Después de elevar una plegaria por esos héroes se dirigió a la capilla dedicada a san Marcos, donde se erige el Monumento Nacional del SIDA; allí se arrodilló en el reclinatorio y elevó en silencio una oración por todos los enfermos.
Como si de un hábito seguido al pie de la letra se tratase, se levantó y se encaminó hacia el arco de Pearl Harbor. Al llegar dirigió la mirada hacia el oeste para admirar la luz natural que entraba por las ventanas de la nave y que creaba, casi de manera dramática, un tono crepuscular muy azulado, se impregnó y disfrutó con las sensaciones. Luego anduvo hasta el cruce y admiró desde ahí el ábside y el coro, y finalmente llegó al altar mayor, se arrodilló en un reclinatorio y oró durante un largo rato:
«Dios misericordioso, te pido piedad, soy tan sólo una pobre pecadora que hoy viene en busca de tu perdón. Transito por esta vida en búsqueda de paz y vengo a rogarte para que me ayudes a encontrarla en el camino que has designado para mí. Sé que no me abandonarás, sé que siempre estarás para protegerme, en ti confío.

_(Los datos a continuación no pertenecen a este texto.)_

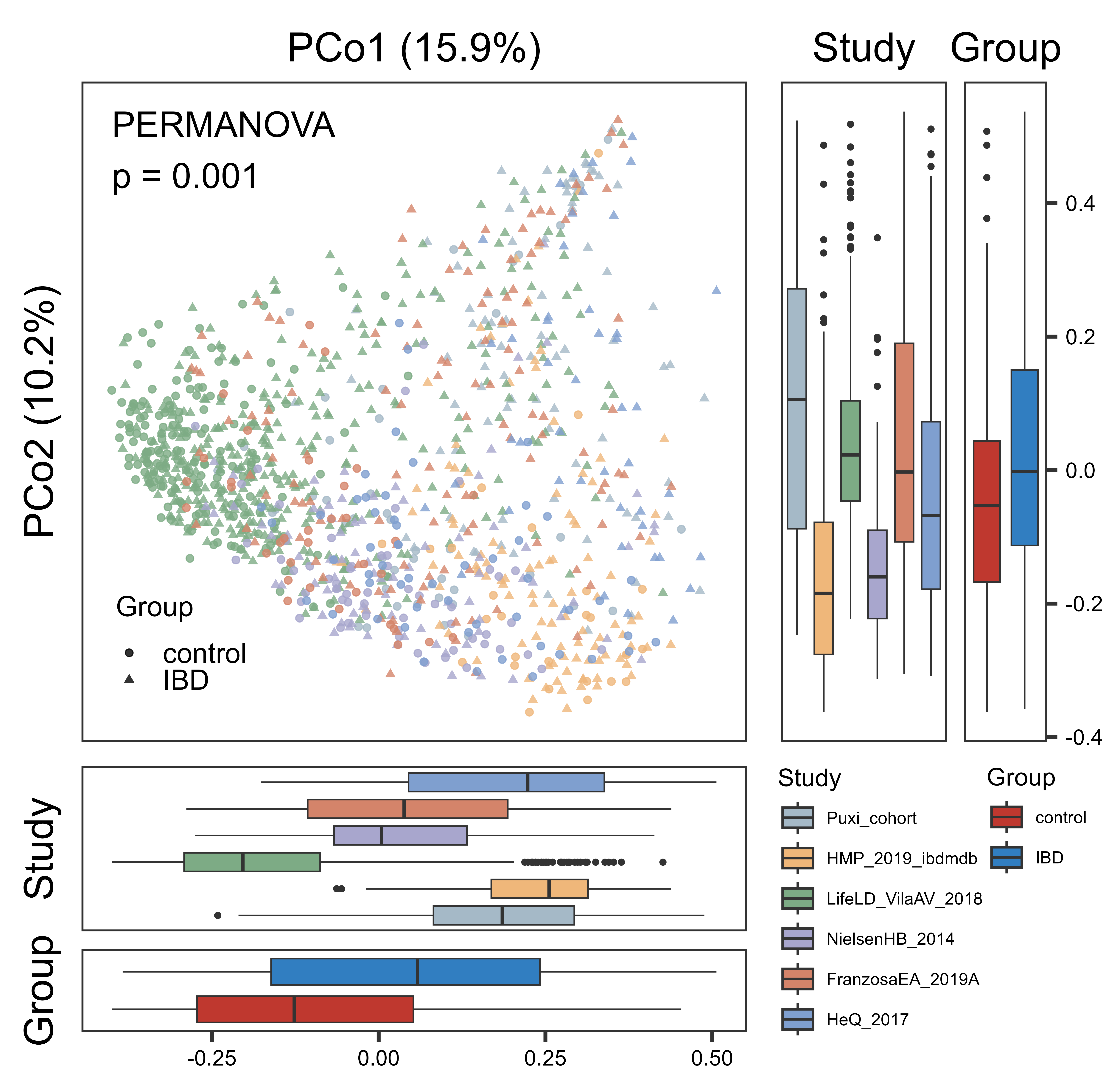 一维变量(ComplexHeatmap包)+上/下三角为2个分组(同一配色)

»Cuando me desposé con Manuel prometí que lo sería hasta que la muerte nos separe, pero tú más que nadie sabes que si sigo a su lado eso ocurrirá muy pronto. Temo por mi vida, creo que el Maligno se ha apoderado de él. Mi cuerpo, mi mente y mi voluntad han soportado mucho, pero he llegado a un punto en que ya no puedo hacerlo más.
»Te suplico clemencia, ya que su alma se ha tornado oscura. Dios, Señor mío, él también forma parte de tu rebaño, te lo pido por él en el nombre del amor que una vez nos tuvimos.
»Protégenos del mal, que se empeña en caer sobre mi familia y mis afectos, te pido que intercedas para librarnos de él.
»Ilumina mi camino y permíteme transitarlo junto al hombre que hoy amo. Pedro, con sus atenciones, se ha adueñado de mi corazón herido, y lo está sanando de las heridas que ha recibido.
Permíteme ser feliz a su lado, bendice nuestro amor con tu misericordia. Gracias, Dios mío».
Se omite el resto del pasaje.